Давай, остановив время, минуя границы и лестничные проемы, навестим мамину квартирку на четвертом этаже в странном городе Йошкар-Оле, в стольном городе Йошкар-Оле, где сейчас стоят ведра с голубой краской, разложены рулоны обоев… Заперев дверь за собой, быстро спускается по лестнице медноволосая моя кузина, затеявшая этот ремонт. Звук ее шагов замолк внизу – утих ветер, уносящий башмачки быстрой, отважной моей Герды сразу в три места: прошлое, настоящее и будущее. Она умеет попадать туда запросто, ей это ничего не стоит, ведь она тоже из края Калевалы, из Карелии, как я и моя мама, как ее отец, мамин брат. Кровь наших северных предков заговаривали полярные ветра, каменистые речки над ней волховали, звенели гусли карельские – кантеле. И стала кровь студеной, но горячей, волшебной. Такой, что ею можно даже делать росписи на невидимых сводах Храма Всего Сущего, рисовать события.

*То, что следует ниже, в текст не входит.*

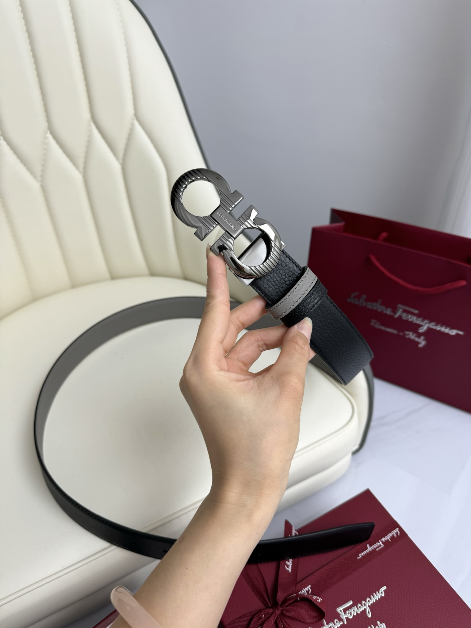 這款皮帶是AAAAA 1:1 質量(非常棒). 使用了和原版一模一樣的材料. 商標部分也保持了和菲拉格慕/Salvatore Ferragamo一樣. 圖片拍攝是實物皮帶拍攝, 您所收到的實物保證和我們圖片一模一樣.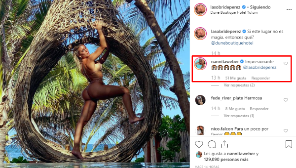 Natalie Weber, la mujer del delantero Mauro Zárate, vio la foto y no se resistió a dejarle un comentario.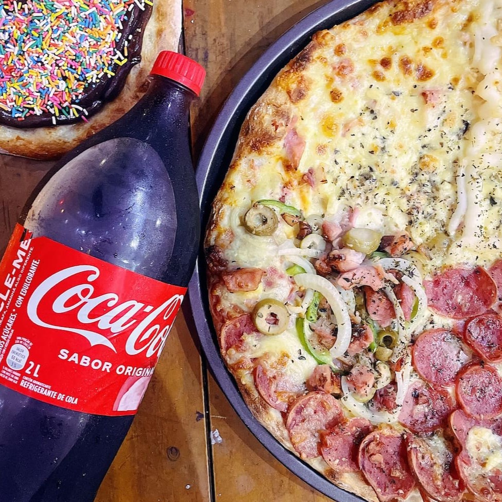 1 pizza gigante35cm - 8 fatias - 4 sabores ( 2 fatias de frango Catupiry, 2 fatias moda, 2 fatias calabresa, 2 fatias presunto) + 1 pizza broto 20cm - 4 fatias - chocolate com granulados coloridos + 1 Coca Cola 2lt tradicional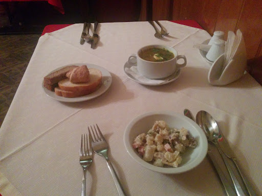 -1 В это ресторан рекомендую приходить со соей ложкой, вилкой. Да и со своей едой. Бизнес-ланч принесли хоть и быстро, но были проблемы с ложками и вилками, их пришлось ждать. Из всего бизнес-ланча понравился только овощной салат и компот из сухофруктов. Заказали тарталетки с малиной, которые согласно меню, должны быть с воздушным легким сливочным кремом и свежей малиной, оказались замороженными. За набор из чашечки кофе и тарталетки отдали 400 рублей, но смогли выпить только кофе. Или заходить в этот ресторан по большой нужде, когда округе больше ничего нет, или терпеть, или научится...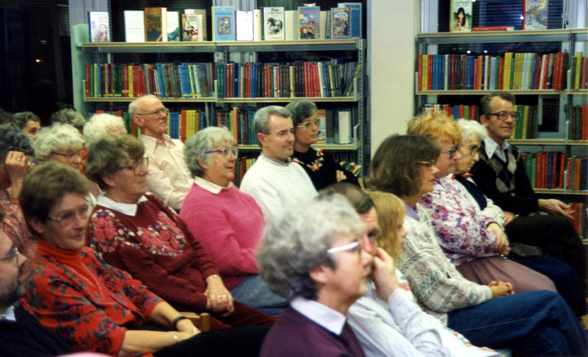 Kulturarrangemang i Kållereds bibliotek, 1990-tal. Andra rad från vänster: Karin Gustafsson, Gördis Johansson samt Eivor Bjerrhede. Första rad: bland annat Gunvor Olsson, Hulda Olsson samt Bengt Olof Olsson. Övriga är okända.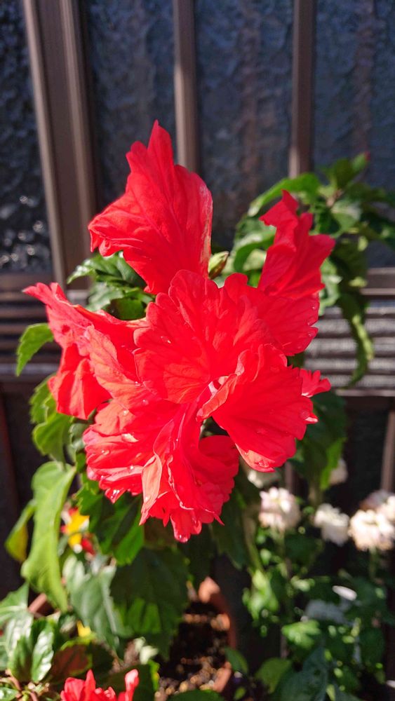 真っ赤に咲いているハイビスカス🌺、こちらが元気をもらっています。💕💕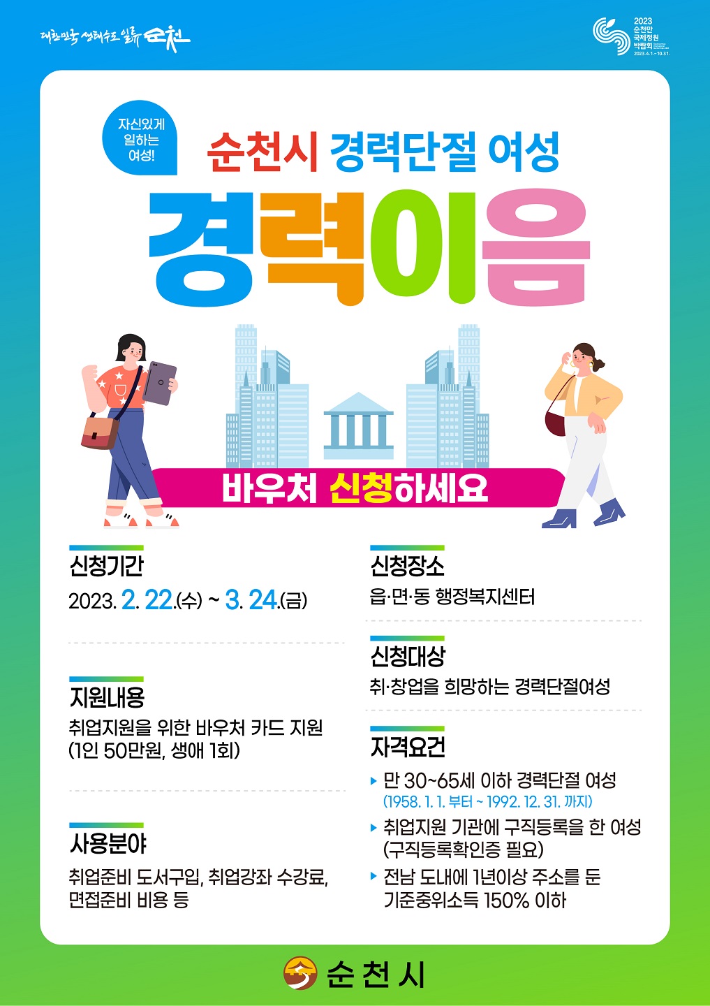 순천시(시장 노관규)는 취업을 준비하는 경력단절 여성에게 바우처카드 포인트를 20만원에서 50만원으로 확대 지급한다.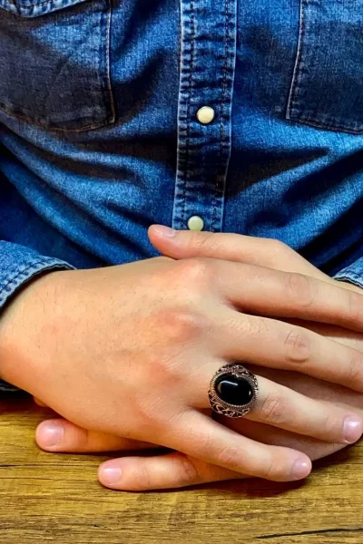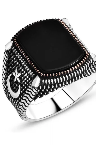 925 Ayar Gümüş Onıks Taşlı Ay Yıldız Detaylı Erkek Yüzük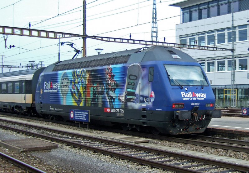 SBB: Eine Werbung für RailAway trägt zurzeit die Re 460 005 "Val d`Anniyiers". (Langenthal, 16.7.09)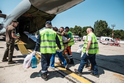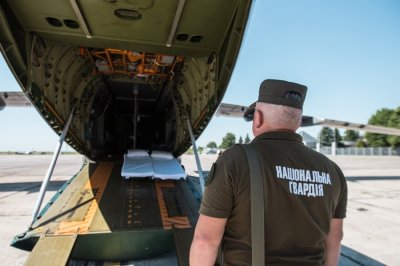 Военный самолет Ан-72 Нацгвардии Украины доставил в Киев из Днепропетровска девятерых раненых боевиков нацбатальона «Азов», входящего в состав мариупольского полка Нацгвардии.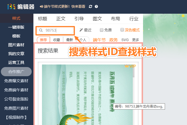 2.切換完成后,我們就可以對樣式進行修改了,在左側(cè)搜索樣式ID『98753』,將樣式插入至編輯器中。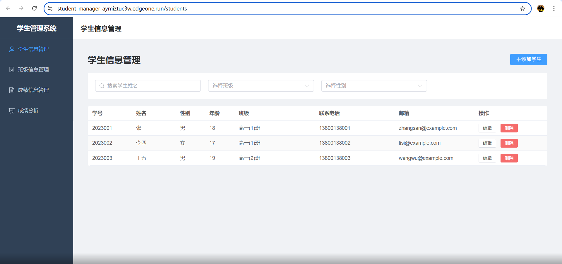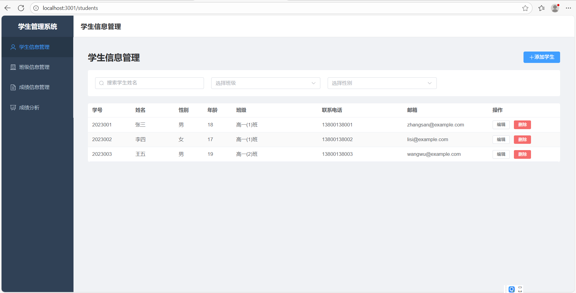 本地部署完成后,可以通过访问 http://localhost:3001 链接来查看我们的学生管理系统功能

И мы тоже волшебницами стали. Время пришло. И неважно, что родились далеко-далеко от края, где огненные столбы по небу ходят, а медведи понимают речь людскую… Нас хоть и оторвали почему-то от страны чудотворной, но не лишили ее силы.
Так что, мой возлюбленный, давай я разорву ветошь преград – я умею, – и пойдем со мной – сейчас! – в край мари, Марий Эл, где мама, стоя на белом снегу, в сорокаградусный мороз родила меня. Полетим в Йошкар-Олу. Это от златоглавой и суетливой Москвы в семистах с лишком верстах, а отсюда… А отсюда – всего лишь в одном шаге. Но особенном, конечно. Мы там очутимся в мгновение ока, и ты увидишь… Ты сам всё увидишь…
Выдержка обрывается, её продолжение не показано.